Secondo i giudici la donna sarebbe stata vittima di «brutali e immotivate aggressioni fisiche, gravi minacce e vessazioni di ogni genere»

Pubblicato il: 18/09/2019 – 18:16
Maltrattamenti e violenza sessuale sulla moglie, avvocato lametino condannato a 4 anni

di Alessia Truzzolillo
LAMEZIA TERME Picchiava e offendeva la moglie anche davanti al figlioletto piccolo, la costringeva ad avere rapporti sessuali contro la sua volontà (rapporti ai quali lei si sottoponeva per paura di ricevere altre percosse) e ha continuato a perseguitarla anche dopo la separazione, pedinandola, chiamandola al cellulare e minacciandola con frasi quali: «Stai attenta se ti pesco fino alla data dell’udienza di separazione tu sei ancora mia moglie». E, in una occasione, a farne le spese è stato anche un amico della donna che, a gennaio scorso, dopo averla riaccompagnata a casa, ha ricevuto un pugno in faccia dall’imputato che gli ha fratturato il naso.

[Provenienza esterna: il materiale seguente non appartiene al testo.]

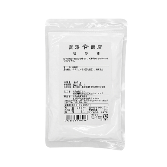 粒子の細かい純白な砂糖です。お菓子作りやケーキのトッピング等に。

Il gup del Tribunale di Lamezia Terme ha condannato a quattro anni di reclusione un 46enne, avvocato (sospeso) del foro di Lamezia Terme. I reati per quali è stato condannato sono maltrattamenti contro familiari e conviventi, violenza sessuale, lesioni personali.

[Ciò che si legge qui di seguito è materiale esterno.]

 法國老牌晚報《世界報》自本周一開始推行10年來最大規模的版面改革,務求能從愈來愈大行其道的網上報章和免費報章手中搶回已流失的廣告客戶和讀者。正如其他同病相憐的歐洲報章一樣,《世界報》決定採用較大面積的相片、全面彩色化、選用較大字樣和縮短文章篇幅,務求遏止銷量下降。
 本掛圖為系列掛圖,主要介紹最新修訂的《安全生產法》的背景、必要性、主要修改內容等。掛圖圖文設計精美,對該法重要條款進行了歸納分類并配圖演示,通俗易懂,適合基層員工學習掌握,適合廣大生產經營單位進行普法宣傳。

Il gup ha inoltre dichiarato nei confronti dell’imputato l’interdizione perpetua da qualsiasi ufficio attinente alla tutela, alla curatela e all’amministrazione di sostegno; la perdita del diritto agli alimenti e l’esclusione alla successione della persona offesa (ovvero l’ex moglie); l’interdizione dai pubblici uffici per cinque anni; la sospensione dall’esercizio di una professione o di un’arte.

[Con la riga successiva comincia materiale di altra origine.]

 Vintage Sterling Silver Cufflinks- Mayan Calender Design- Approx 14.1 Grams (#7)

«VESSAZIONI DI OGNI GENERE» Al momento della sentenza il legale si trovava sottoposto alla misura dell’obbligo di dimora. Ma le cronache raccontano che il 23 febbraio scorso era stato arrestato dalla Polizia su richiesta della Procura di Lamezia Terme, attraverso un’ordinanza emessa dal gip Emma Sonni la quale descrive una condotta dell’uomo «connotata da brutali e immotivate aggressioni fisiche, gravi minacce e, come detto, vessazioni di ogni genere, nonché da una continua ed insistente interferenza nella sfera di libertà della persona offesa».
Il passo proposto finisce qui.